All lines from the one that mentions "Selling this button" through the last of the entries below must be copied exactly, with both ends kept.

■ ■ ■

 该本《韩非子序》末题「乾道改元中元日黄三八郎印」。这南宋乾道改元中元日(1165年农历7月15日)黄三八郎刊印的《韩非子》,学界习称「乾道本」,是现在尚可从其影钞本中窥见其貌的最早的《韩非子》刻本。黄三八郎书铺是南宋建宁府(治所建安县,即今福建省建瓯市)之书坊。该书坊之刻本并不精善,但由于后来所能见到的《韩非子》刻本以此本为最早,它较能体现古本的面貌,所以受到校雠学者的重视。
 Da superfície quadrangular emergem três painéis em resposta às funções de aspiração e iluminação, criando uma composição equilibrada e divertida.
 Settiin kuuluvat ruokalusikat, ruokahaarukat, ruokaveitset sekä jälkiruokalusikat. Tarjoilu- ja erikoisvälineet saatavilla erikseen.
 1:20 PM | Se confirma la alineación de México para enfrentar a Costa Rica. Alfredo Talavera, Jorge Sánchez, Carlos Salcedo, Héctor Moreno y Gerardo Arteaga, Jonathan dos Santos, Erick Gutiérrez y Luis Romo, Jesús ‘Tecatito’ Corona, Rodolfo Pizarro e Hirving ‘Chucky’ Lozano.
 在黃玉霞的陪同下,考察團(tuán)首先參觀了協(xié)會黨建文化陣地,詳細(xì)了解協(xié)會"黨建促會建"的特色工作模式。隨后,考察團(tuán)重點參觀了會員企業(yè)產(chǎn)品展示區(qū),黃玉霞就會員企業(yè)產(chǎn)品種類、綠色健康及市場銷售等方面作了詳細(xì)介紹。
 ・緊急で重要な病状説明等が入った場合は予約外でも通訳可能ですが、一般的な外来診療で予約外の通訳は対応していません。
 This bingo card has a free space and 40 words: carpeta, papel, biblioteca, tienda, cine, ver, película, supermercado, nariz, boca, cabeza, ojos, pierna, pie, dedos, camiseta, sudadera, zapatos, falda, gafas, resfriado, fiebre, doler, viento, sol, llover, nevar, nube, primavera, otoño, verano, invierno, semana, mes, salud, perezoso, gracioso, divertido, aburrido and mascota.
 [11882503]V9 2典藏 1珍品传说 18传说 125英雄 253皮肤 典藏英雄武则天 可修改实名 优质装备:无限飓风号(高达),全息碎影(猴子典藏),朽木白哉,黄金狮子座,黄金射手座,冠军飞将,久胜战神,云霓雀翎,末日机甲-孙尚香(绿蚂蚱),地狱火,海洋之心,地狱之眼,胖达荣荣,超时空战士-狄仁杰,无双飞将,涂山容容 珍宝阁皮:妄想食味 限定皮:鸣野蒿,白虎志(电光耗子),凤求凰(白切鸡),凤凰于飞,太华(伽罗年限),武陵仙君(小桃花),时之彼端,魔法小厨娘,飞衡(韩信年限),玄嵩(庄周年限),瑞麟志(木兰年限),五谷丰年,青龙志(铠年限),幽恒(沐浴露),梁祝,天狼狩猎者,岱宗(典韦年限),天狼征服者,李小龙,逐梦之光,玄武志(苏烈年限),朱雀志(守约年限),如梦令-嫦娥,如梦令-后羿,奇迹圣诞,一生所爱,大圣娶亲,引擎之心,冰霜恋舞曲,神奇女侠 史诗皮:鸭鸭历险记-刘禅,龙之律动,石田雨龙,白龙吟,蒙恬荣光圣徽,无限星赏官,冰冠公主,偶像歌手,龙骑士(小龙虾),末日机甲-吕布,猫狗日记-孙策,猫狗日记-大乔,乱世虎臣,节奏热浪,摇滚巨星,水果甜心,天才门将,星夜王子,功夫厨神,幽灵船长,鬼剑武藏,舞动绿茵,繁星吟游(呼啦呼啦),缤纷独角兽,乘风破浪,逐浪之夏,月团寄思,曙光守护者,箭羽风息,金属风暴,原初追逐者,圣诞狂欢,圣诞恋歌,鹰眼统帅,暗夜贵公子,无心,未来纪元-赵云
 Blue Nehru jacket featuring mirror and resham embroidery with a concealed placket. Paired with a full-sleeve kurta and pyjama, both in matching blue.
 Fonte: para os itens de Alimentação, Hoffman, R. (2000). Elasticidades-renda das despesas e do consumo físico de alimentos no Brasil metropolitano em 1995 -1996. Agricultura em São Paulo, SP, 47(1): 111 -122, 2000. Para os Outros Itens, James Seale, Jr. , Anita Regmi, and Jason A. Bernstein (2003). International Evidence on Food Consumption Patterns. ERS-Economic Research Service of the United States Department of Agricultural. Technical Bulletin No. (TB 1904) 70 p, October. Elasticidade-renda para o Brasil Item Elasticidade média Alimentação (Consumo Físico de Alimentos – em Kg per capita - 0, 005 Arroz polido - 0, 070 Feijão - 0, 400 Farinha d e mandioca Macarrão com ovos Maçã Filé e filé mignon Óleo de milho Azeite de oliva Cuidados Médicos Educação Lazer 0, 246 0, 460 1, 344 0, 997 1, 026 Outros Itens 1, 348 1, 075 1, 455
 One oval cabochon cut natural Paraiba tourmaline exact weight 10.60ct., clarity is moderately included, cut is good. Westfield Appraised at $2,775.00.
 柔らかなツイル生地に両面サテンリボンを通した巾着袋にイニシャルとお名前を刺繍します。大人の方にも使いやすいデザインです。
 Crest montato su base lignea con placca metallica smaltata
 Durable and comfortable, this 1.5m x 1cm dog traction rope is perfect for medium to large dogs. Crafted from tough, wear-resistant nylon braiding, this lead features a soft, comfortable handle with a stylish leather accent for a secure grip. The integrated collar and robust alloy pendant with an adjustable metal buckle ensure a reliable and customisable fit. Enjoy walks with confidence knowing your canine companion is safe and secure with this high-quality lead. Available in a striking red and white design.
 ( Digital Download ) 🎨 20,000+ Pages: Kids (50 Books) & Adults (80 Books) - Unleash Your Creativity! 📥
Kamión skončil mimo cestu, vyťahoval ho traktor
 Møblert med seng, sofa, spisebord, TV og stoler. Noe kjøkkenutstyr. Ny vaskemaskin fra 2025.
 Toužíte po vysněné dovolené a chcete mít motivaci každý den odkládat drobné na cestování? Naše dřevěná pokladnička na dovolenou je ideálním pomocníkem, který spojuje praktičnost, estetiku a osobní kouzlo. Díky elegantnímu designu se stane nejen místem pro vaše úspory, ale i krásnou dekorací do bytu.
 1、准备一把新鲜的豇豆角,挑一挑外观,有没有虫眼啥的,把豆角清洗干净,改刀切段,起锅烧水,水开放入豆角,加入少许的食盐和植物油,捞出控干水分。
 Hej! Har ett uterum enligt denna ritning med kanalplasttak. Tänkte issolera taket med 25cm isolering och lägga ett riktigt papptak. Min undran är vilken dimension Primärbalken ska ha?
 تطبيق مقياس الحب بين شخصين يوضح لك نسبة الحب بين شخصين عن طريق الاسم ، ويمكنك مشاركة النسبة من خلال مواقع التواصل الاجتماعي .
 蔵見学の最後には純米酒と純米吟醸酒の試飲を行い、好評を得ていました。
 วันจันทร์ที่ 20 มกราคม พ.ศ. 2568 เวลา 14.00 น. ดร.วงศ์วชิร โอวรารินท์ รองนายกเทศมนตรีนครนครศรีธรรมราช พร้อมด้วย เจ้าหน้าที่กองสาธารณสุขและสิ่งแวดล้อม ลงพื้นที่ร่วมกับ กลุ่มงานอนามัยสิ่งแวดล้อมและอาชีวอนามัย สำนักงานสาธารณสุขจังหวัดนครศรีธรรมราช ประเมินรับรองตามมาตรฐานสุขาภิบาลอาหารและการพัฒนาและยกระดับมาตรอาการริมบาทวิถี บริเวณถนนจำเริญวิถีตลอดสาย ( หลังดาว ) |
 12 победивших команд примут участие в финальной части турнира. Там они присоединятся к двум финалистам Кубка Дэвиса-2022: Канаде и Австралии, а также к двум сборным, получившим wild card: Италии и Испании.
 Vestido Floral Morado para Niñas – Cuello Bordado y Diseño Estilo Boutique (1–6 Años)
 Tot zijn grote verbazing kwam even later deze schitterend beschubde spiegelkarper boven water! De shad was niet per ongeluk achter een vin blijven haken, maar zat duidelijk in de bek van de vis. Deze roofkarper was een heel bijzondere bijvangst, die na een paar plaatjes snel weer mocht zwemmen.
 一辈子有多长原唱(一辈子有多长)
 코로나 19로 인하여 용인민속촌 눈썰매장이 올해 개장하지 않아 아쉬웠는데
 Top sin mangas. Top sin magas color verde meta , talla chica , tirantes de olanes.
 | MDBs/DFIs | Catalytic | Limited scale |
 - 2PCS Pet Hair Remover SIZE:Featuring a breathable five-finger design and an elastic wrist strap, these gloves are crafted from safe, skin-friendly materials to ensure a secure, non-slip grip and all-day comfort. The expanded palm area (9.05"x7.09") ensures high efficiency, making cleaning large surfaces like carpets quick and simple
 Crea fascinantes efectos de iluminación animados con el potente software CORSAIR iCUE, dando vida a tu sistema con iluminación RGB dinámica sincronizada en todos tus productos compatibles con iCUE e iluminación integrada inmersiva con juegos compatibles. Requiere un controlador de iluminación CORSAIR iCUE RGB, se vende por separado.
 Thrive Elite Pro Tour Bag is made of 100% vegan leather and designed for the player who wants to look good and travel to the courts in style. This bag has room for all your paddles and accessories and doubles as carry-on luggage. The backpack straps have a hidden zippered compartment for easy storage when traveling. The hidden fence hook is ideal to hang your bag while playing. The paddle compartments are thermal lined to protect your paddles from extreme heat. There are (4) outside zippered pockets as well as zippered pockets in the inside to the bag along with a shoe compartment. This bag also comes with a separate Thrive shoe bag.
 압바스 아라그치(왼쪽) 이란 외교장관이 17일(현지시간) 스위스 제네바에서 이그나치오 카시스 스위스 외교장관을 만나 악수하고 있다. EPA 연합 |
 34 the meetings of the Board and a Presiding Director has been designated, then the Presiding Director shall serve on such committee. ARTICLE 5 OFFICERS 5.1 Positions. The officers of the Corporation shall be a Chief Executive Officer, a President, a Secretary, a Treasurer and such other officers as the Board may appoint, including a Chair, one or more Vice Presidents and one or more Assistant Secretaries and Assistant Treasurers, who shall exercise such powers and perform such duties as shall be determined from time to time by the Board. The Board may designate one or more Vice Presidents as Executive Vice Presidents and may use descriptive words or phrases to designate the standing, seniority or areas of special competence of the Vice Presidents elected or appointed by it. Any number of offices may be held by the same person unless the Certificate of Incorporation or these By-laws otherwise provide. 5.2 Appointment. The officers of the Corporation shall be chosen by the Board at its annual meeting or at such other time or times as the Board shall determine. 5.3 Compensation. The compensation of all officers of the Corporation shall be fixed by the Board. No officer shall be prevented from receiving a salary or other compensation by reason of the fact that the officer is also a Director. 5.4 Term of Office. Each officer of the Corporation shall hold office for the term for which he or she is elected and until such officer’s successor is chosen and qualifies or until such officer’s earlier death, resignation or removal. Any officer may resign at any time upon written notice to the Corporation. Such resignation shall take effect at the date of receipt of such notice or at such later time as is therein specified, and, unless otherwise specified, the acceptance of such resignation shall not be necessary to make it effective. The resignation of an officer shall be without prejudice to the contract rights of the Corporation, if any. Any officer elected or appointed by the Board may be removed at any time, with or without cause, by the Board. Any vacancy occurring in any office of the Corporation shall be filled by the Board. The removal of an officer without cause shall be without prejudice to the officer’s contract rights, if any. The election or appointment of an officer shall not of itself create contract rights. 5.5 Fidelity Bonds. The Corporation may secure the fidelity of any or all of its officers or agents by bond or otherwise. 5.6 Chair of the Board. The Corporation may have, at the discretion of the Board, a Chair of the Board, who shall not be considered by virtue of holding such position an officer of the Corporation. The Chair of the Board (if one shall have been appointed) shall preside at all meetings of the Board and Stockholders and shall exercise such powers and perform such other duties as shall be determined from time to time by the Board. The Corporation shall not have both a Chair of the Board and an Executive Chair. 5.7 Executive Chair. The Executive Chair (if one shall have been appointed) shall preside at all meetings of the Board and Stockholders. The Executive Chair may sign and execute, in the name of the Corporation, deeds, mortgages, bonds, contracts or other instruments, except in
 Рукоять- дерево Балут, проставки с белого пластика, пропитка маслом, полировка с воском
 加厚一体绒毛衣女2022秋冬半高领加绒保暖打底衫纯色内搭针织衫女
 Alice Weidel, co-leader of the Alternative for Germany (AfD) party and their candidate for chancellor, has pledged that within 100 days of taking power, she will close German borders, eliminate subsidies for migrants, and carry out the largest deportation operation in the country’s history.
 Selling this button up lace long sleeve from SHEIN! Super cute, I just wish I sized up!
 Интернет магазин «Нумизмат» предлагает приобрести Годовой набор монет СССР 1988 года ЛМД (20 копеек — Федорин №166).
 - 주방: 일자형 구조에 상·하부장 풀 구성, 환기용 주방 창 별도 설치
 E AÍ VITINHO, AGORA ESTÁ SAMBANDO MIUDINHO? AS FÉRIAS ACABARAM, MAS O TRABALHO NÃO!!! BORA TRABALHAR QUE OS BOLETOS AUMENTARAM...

■ ■ ■

§ Response
 Selling this button up lace long sleeve from SHEIN! Super cute, I just wish I sized up!
 Интернет магазин «Нумизмат» предлагает приобрести Годовой набор монет СССР 1988 года ЛМД (20 копеек — Федорин №166).
 - 주방: 일자형 구조에 상·하부장 풀 구성, 환기용 주방 창 별도 설치
 E AÍ VITINHO, AGORA ESTÁ SAMBANDO MIUDINHO? AS FÉRIAS ACABARAM, MAS O TRABALHO NÃO!!! BORA TRABALHAR QUE OS BOLETOS AUMENTARAM...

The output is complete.